Created on 11-28-2016 12:29 PM - edited 09-16-2022 03:49 AM
Hi,
Can I just delete rm -rf * from some of the log folders such as /var/log/hive
16G ./hive
Thanks,
Avijeet
Created 11-28-2016 06:13 PM
@Avijeet Dash, The suggestion from Sunile is great. But, where you can't do that, here is a solution.
If you need to manually delete all but the last X files named with a certain file pattern (*.zip, files*.log, etc), you can run something like this command which finds all but the most recent 5 matching files.
# find MY_LOG_DIR -type f -name "FILE_PATTERN" -printf "%T+\t%p\n" | sort |awk '{print $2}' |head -n -5 |xargs -i CMD_FOR_EACH_FILE {}
Replace the bold parts as needed.
For example, the following command will find all but the most recent 5 files matching pattern *.log.20##-##-## and deletes them. Note, since this command is a delete command, before running something so drastic, you should test first by replacing the "rm" with "ls -l" or do a "mv" instead. Test, test, test.
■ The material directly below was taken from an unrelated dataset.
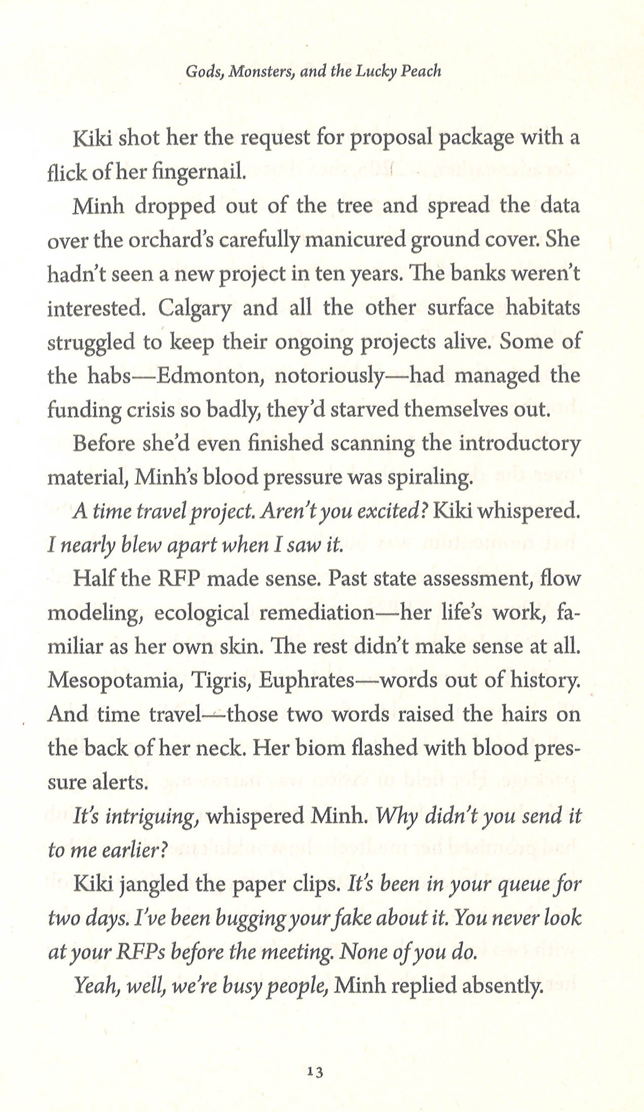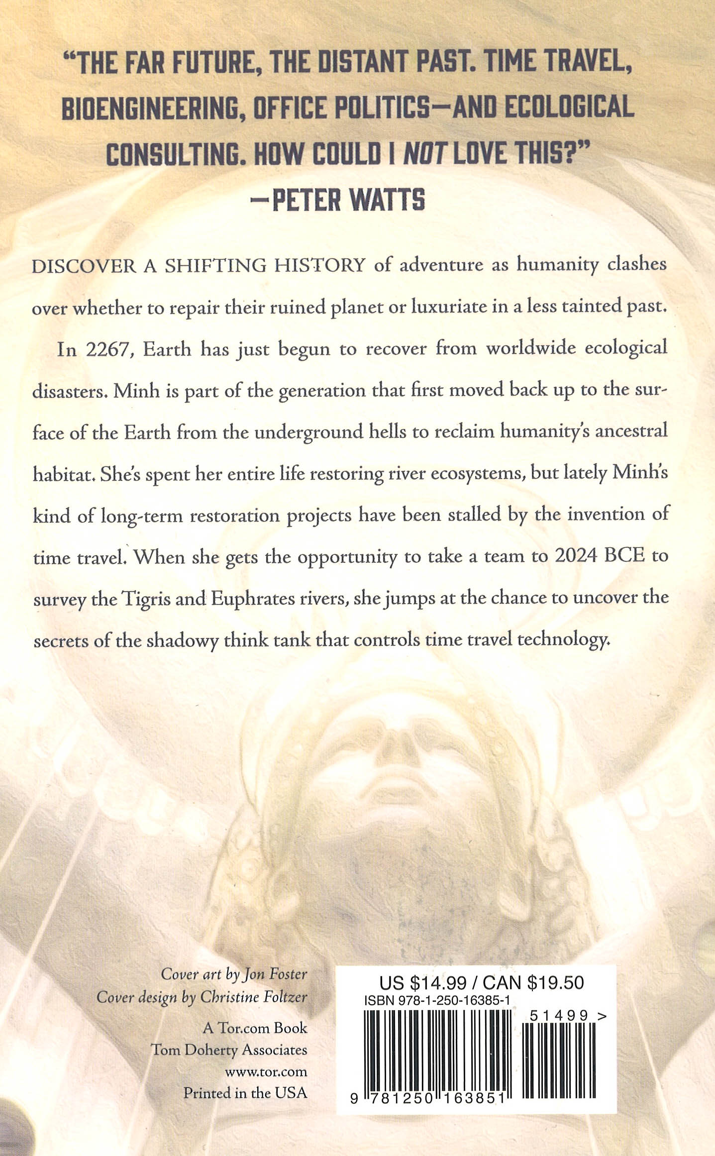 In 2267, Earth has just begun to recover from worldwide ecological disasters. Minh is part of the generation that first moved back up to the surface of the Earth from the underground hells, to reclaim humanity's ancestral habitat. She's spent her entire life restoring river ecosystems, but lately the kind of long-term restoration projects Minh works on have been stalled due to the invention of time travel. When she gets the opportunity take a team to 2000 BC to survey the Tigris and Euphrates rivers, she jumps at the chance to uncover the secrets of the shadowy think tank that controls time travel technology.

# find /var/log/hive -type f -name "*.log.20[0-9][0-9]-[0-2][0-9]-[0-9][0-9]" -printf "%T+\t%p\n" | sort |awk '{print $2}' |head -n -5 |xargs -i rm {}
There are always many ways to solve a problem and I'm sure there is a more elegant solution.
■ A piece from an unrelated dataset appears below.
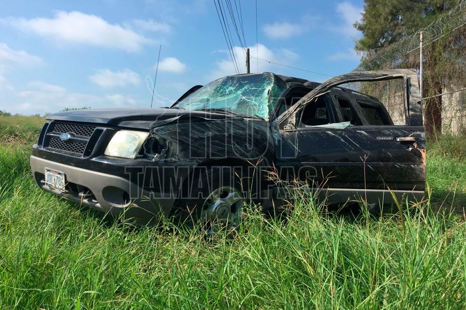 Pareja resulta lesionada al volcar en la Ciudad Victoria-Matamoros
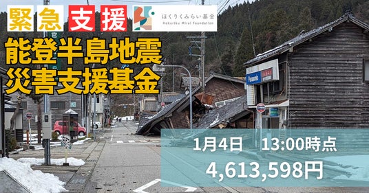 公益財団法人ほくりくみらい基金(代表理事:永井三岐子)が運営する「令和6年能登半島地震 災害支援基金」が、1月2日21:00の受付開始から2日で460万円を突破しました。また、1月4日13:00より、銀行振り込みでの受付も開始しました。

Created 11-28-2016 04:22 PM
You can remove the log files but I would recommend much easier way to have this automated.
Most services in hadoop user log4j. Simply enable RollingFileAppender and set MaxBackupIndex to max number of log files you want to retention for that service.
Created 11-28-2016 06:13 PM
@Avijeet Dash, The suggestion from Sunile is great. But, where you can't do that, here is a solution.
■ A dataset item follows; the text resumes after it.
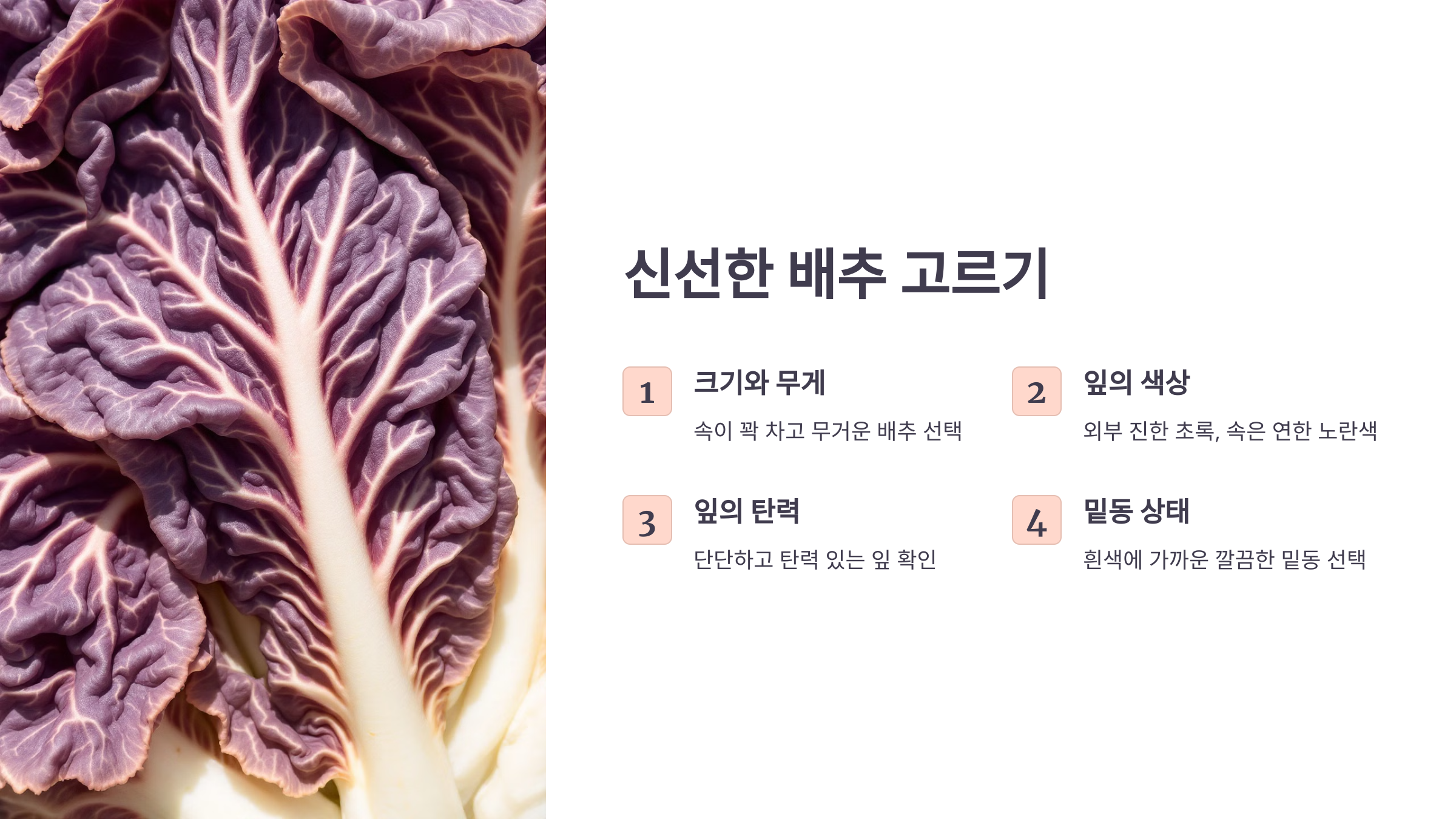 배추의 밑동 부분이 흰색에 가까우며 뿌리 끝이 깔끔하게 잘린 배추를 선택하세요. 밑동이 너무 갈색이거나 변색된 배추는 피하는 것이 좋습니다.

If you need to manually delete all but the last X files named with a certain file pattern (*.zip, files*.log, etc), you can run something like this command which finds all but the most recent 5 matching files.
# find MY_LOG_DIR -type f -name "FILE_PATTERN" -printf "%T+\t%p\n" | sort |awk '{print $2}' |head -n -5 |xargs -i CMD_FOR_EACH_FILE {}
Replace the bold parts as needed.
For example, the following command will find all but the most recent 5 files matching pattern *.log.20##-##-## and deletes them. Note, since this command is a delete command, before running something so drastic, you should test first by replacing the "rm" with "ls -l" or do a "mv" instead. Test, test, test.
# find /var/log/hive -type f -name "*.log.20[0-9][0-9]-[0-2][0-9]-[0-9][0-9]" -printf "%T+\t%p\n" | sort |awk '{print $2}' |head -n -5 |xargs -i rm {}
There are always many ways to solve a problem and I'm sure there is a more elegant solution.
Created 11-28-2016 06:26 PM
Note that the above is deletes older files based on file modification time, not based on the timestamp in the filename. I did use the filename with a timestamp, which probably makes the example confusing. So that command could be used with any kind of file such as keeping the last 5 copies of your backup files.
Also, if you use logrotate (e.g. where log4j rolling files is not an option), you can use the maxage option, which also uses modified time. This is from the logrotate man page:
maxage count Remove rotated logs older than <count> days. The age is only checked if the logfile is to be rotated. The files are mailed to the configured address if maillast and mail are configured.